[SUPPLIED RECORDS — start]
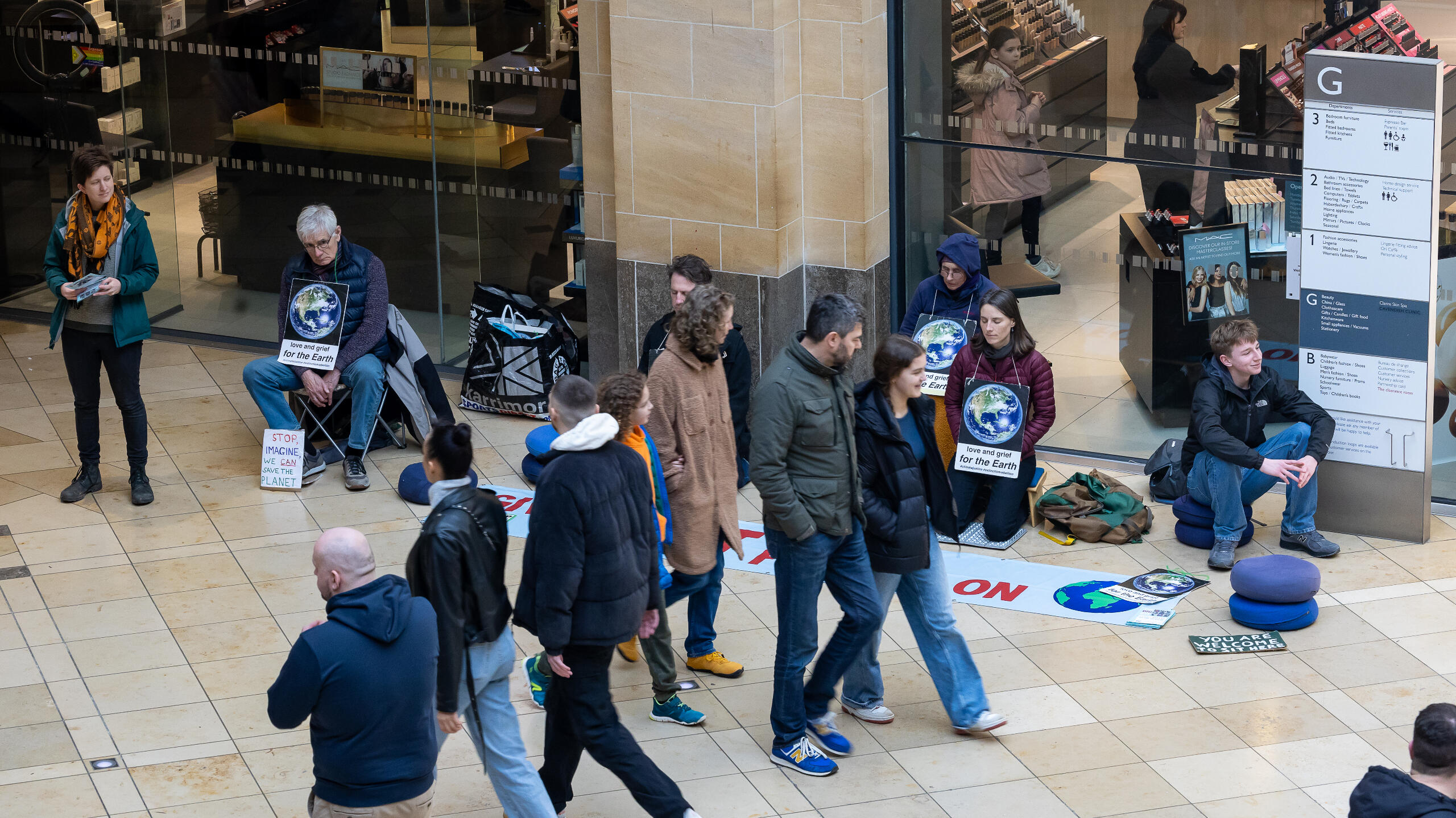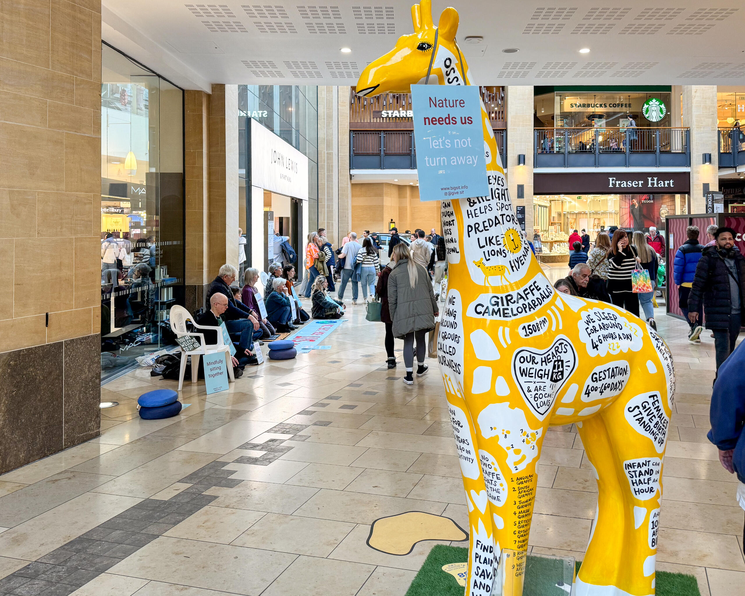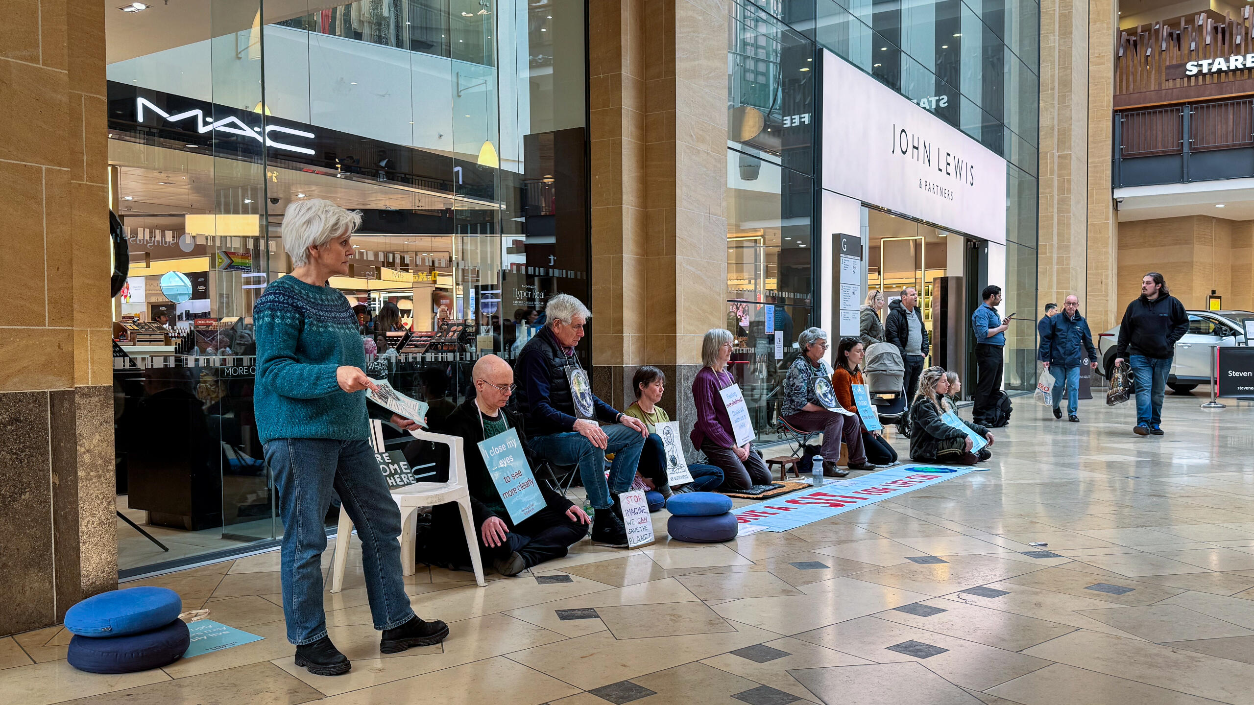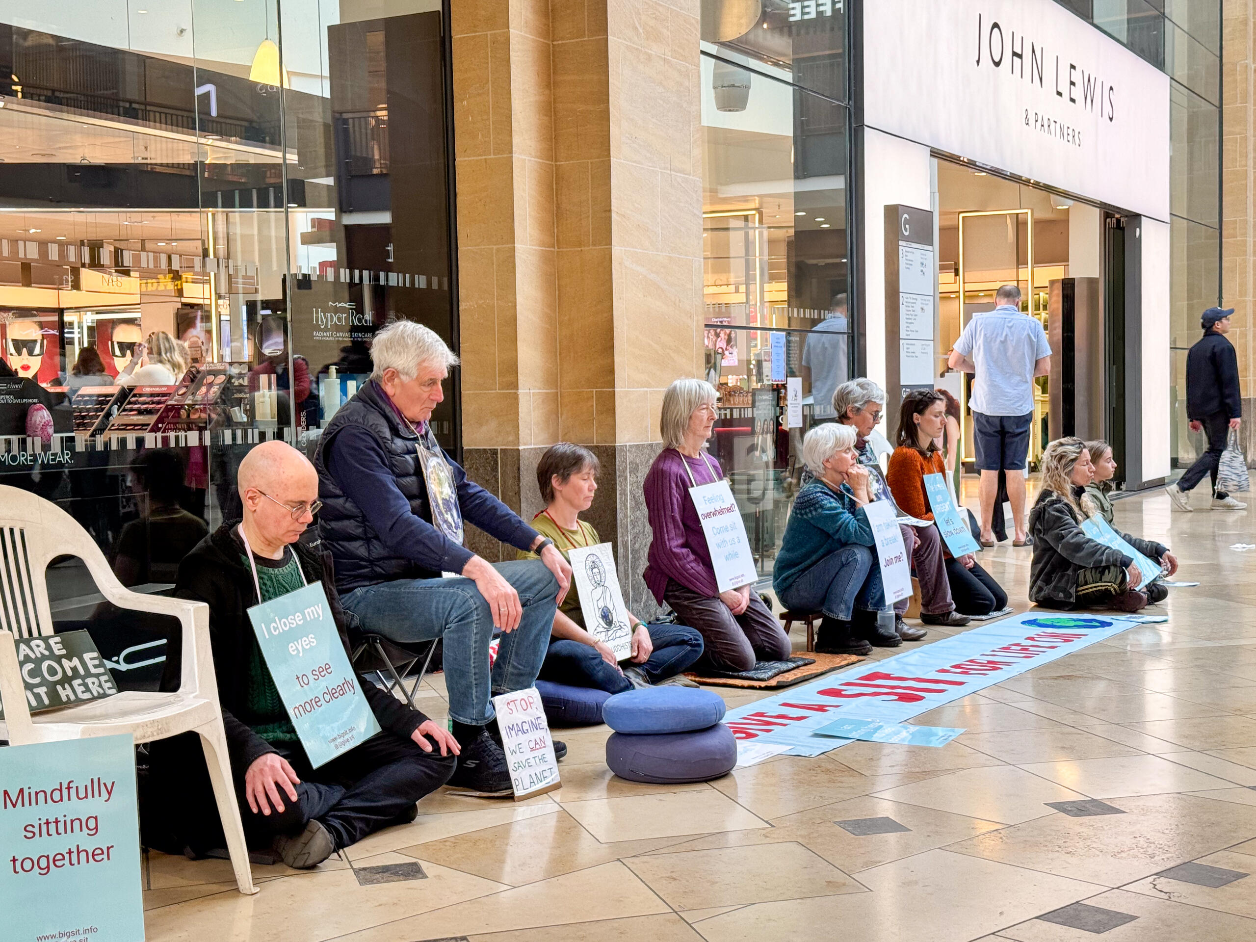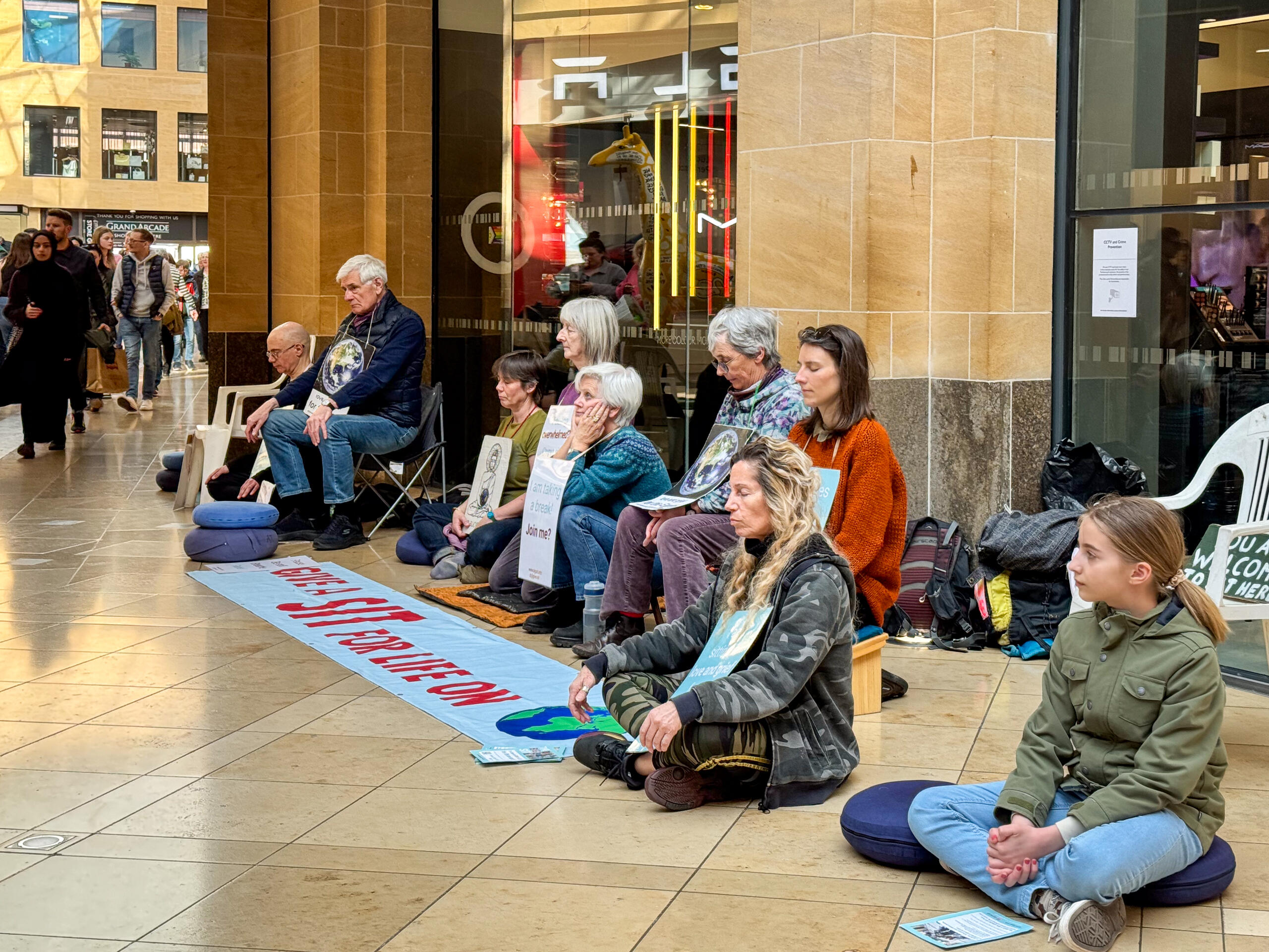 We moved to the Grand Arcade, where about 14 of us sat by the entrance to John Lewis department store, causing quite a scene.
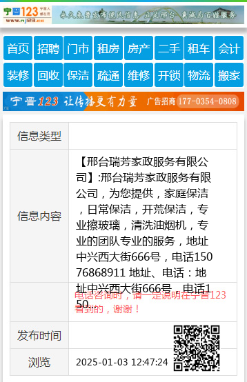 【邢台瑞芳家政服务有限公司】:邢台瑞芳家政服务有限公司,为您提供,家庭保洁,日常保洁,开荒保洁,专业擦玻璃,清洗油烟机,专业的团队专业的服务,地址中兴西大街666号,电话15076868911 地址、电话:地址中兴西大街666号,电话15076868911
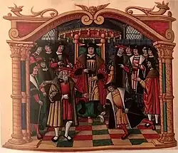 The "Master of the Puys de Rouen" (loosely, "... of the Hills of Rouen") was engaged for several projects by Étienne Colaud, notably on the so-called "Rouen Manuscript", the work for which he was the principal illustrator, and from which he acquires the name by which he is generally known by scholars.[11] He was active in Paris between 1520 and 1540. His style is characterised by exaggeratedly square-jawed figures, firm outlines and voluminous architectural framing. In addition to the works he produced for Colaud, several other significant manuscripts are attributed to him, including an Evangelion for the Duprat family, a Book of Hours which recently appeared on the London art market through a dealer called Sam Fogg,[10] and another Book of Hours sold by the specialist dealer "Les Enluminures" in 2008. The German art historian Eberhard König has suggested this last work might be attributed to Henri Laurer, an artist from Paris who moved to Mirepoix (far away, south of Toulouse) but the attribution was not endorsed by other specialist scholars.[1]
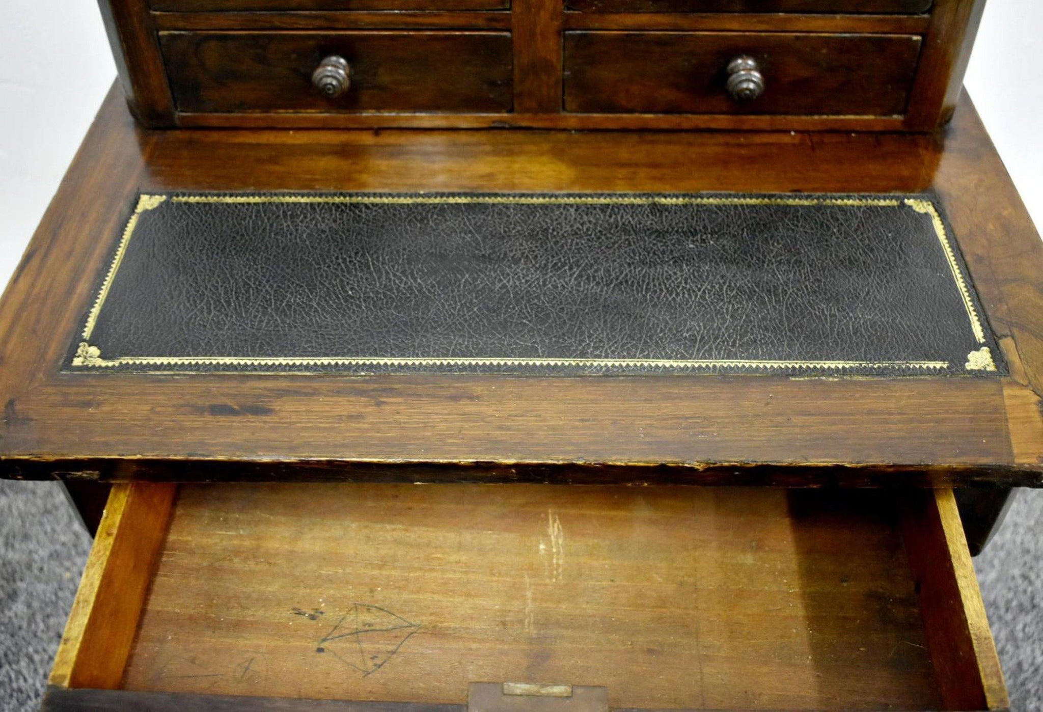 - This desk features five draws, with the top section covered in a mahogany veneer over pine and solid mahogany legs to the underneath.
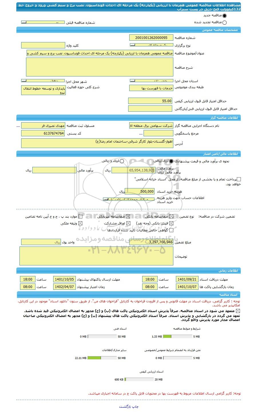 | مبلغ تضمین | 3,297,706,946 | واحد پول | ریال |
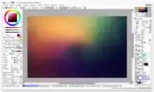 SAI is a lightweight painting application. The user interface allows multiple documents to be opened at the same time. The drawing canvas can be both zoomed and rotated using the sliders on the navigator or the hotkeys configured on the keyboard. The toolbar on the top part of the screen also includes a button to mirror the drawing view without mirroring the actual drawing. It is also possible to open multiple viewports to the same document. An application-wide scratchpad (which can be used as a color mixing panel) is provided, which is saved between sessions. Colors can be stored in the swatches panel.
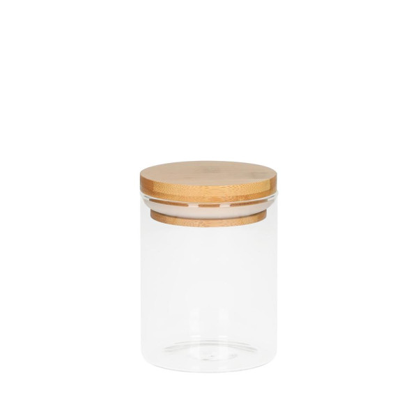 Environmentally-friendly storage container for keeping your kitchen and home tidy. The glass cylinder is made from high-quality borosilicate glass. The lid is in bamboo and has a silicon ring to ensure reliable closure. The large opening allows quick, easy access to stored foods, easy to clean and rinse. Exceptionally suitable for the storage of things like rice, noodles, nuts, flour, tea and spices. Capacity: 350 ml.
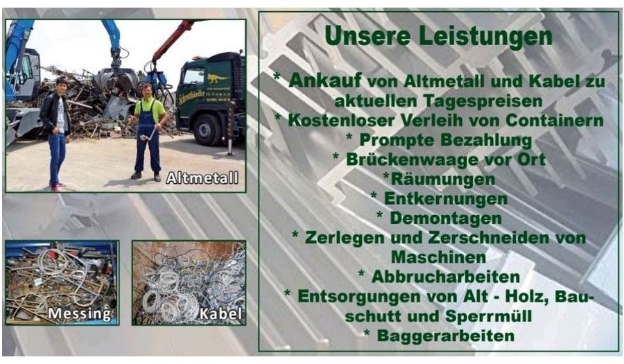 Abfallentsorgung / Müllabfuhr - Großhandel mit Altmaterialien und Reststoffen - Recycling von Eisen und Metallen - Abbrucharbeiten.
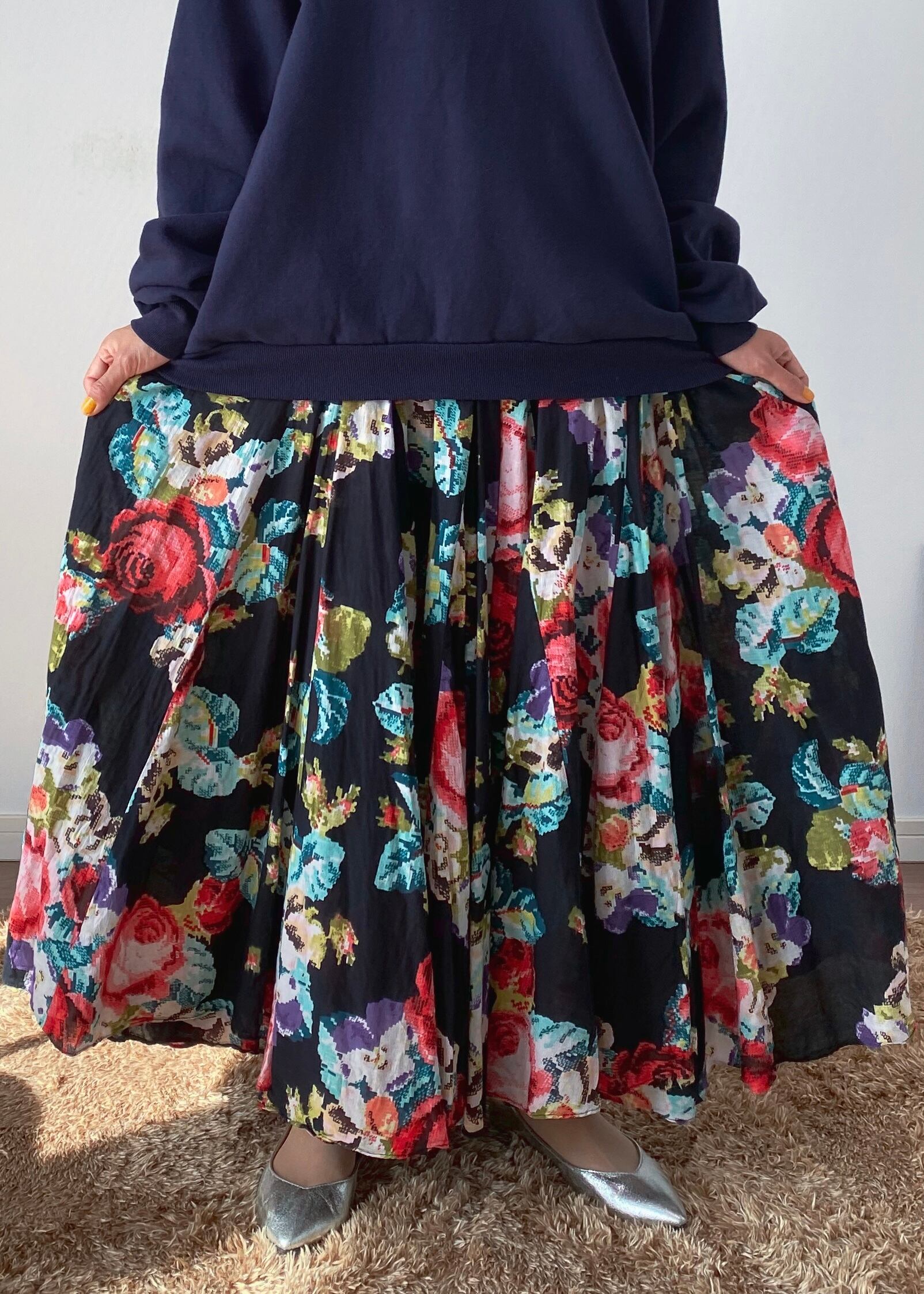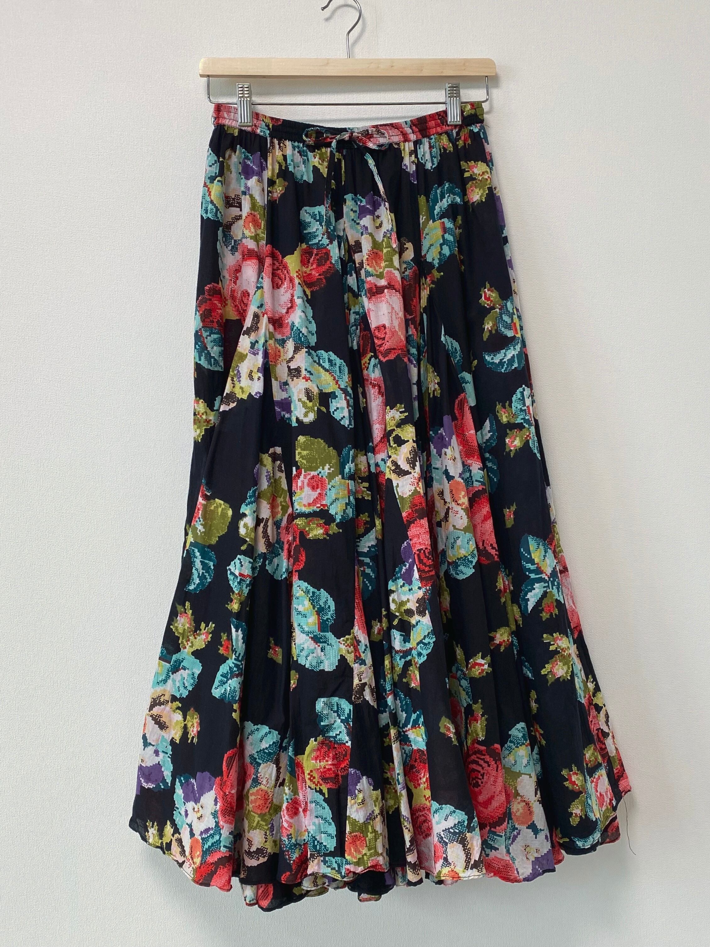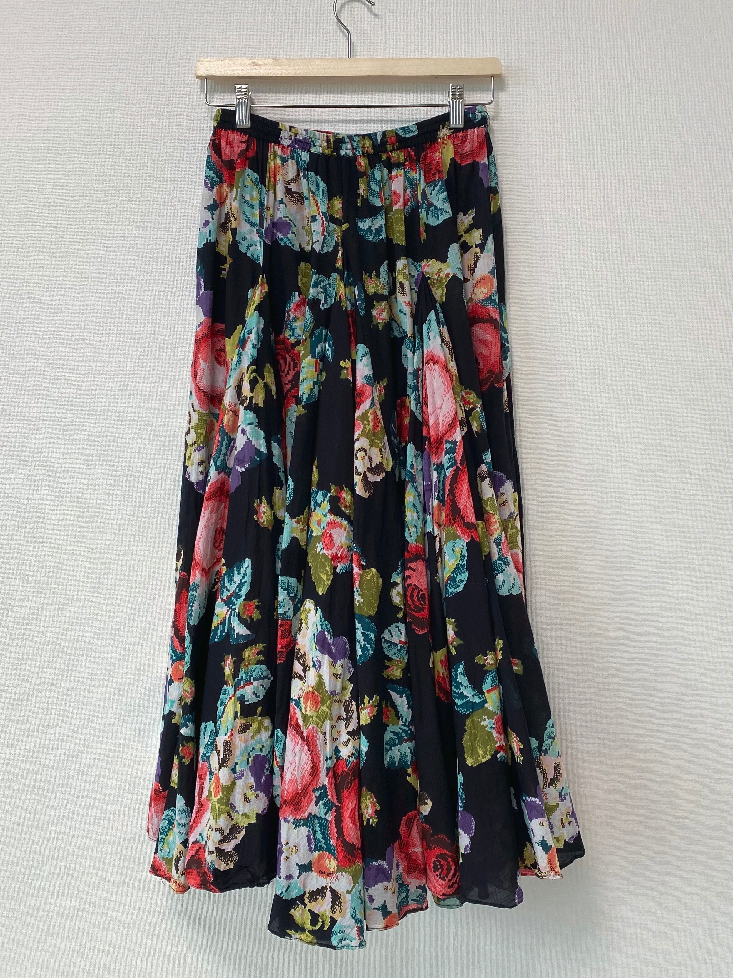 モザイクのフラワープリントが印象的なロングスカート。腰付近からのハギでウエストはスッキリでボリュームたっぷり。少し透け感のあるガーゼのような手触りのお品です。
[SUPPLIED RECORDS — finish]
■ **BRIEF**
Set down every entry above again exactly, dropping each picture.

■ **SOLUTION FOR THIS EXERCISE**
 We moved to the Grand Arcade, where about 14 of us sat by the entrance to John Lewis department store, causing quite a scene.
 【邢台瑞芳家政服务有限公司】:邢台瑞芳家政服务有限公司,为您提供,家庭保洁,日常保洁,开荒保洁,专业擦玻璃,清洗油烟机,专业的团队专业的服务,地址中兴西大街666号,电话15076868911 地址、电话:地址中兴西大街666号,电话15076868911
 The "Master of the Puys de Rouen" (loosely, "... of the Hills of Rouen") was engaged for several projects by Étienne Colaud, notably on the so-called "Rouen Manuscript", the work for which he was the principal illustrator, and from which he acquires the name by which he is generally known by scholars.[11] He was active in Paris between 1520 and 1540. His style is characterised by exaggeratedly square-jawed figures, firm outlines and voluminous architectural framing. In addition to the works he produced for Colaud, several other significant manuscripts are attributed to him, including an Evangelion for the Duprat family, a Book of Hours which recently appeared on the London art market through a dealer called Sam Fogg,[10] and another Book of Hours sold by the specialist dealer "Les Enluminures" in 2008. The German art historian Eberhard König has suggested this last work might be attributed to Henri Laurer, an artist from Paris who moved to Mirepoix (far away, south of Toulouse) but the attribution was not endorsed by other specialist scholars.[1]
 - This desk features five draws, with the top section covered in a mahogany veneer over pine and solid mahogany legs to the underneath.
 | مبلغ تضمین | 3,297,706,946 | واحد پول | ریال |
 SAI is a lightweight painting application. The user interface allows multiple documents to be opened at the same time. The drawing canvas can be both zoomed and rotated using the sliders on the navigator or the hotkeys configured on the keyboard. The toolbar on the top part of the screen also includes a button to mirror the drawing view without mirroring the actual drawing. It is also possible to open multiple viewports to the same document. An application-wide scratchpad (which can be used as a color mixing panel) is provided, which is saved between sessions. Colors can be stored in the swatches panel.
 Environmentally-friendly storage container for keeping your kitchen and home tidy. The glass cylinder is made from high-quality borosilicate glass. The lid is in bamboo and has a silicon ring to ensure reliable closure. The large opening allows quick, easy access to stored foods, easy to clean and rinse. Exceptionally suitable for the storage of things like rice, noodles, nuts, flour, tea and spices. Capacity: 350 ml.
 Abfallentsorgung / Müllabfuhr - Großhandel mit Altmaterialien und Reststoffen - Recycling von Eisen und Metallen - Abbrucharbeiten.
 モザイクのフラワープリントが印象的なロングスカート。腰付近からのハギでウエストはスッキリでボリュームたっぷり。少し透け感のあるガーゼのような手触りのお品です。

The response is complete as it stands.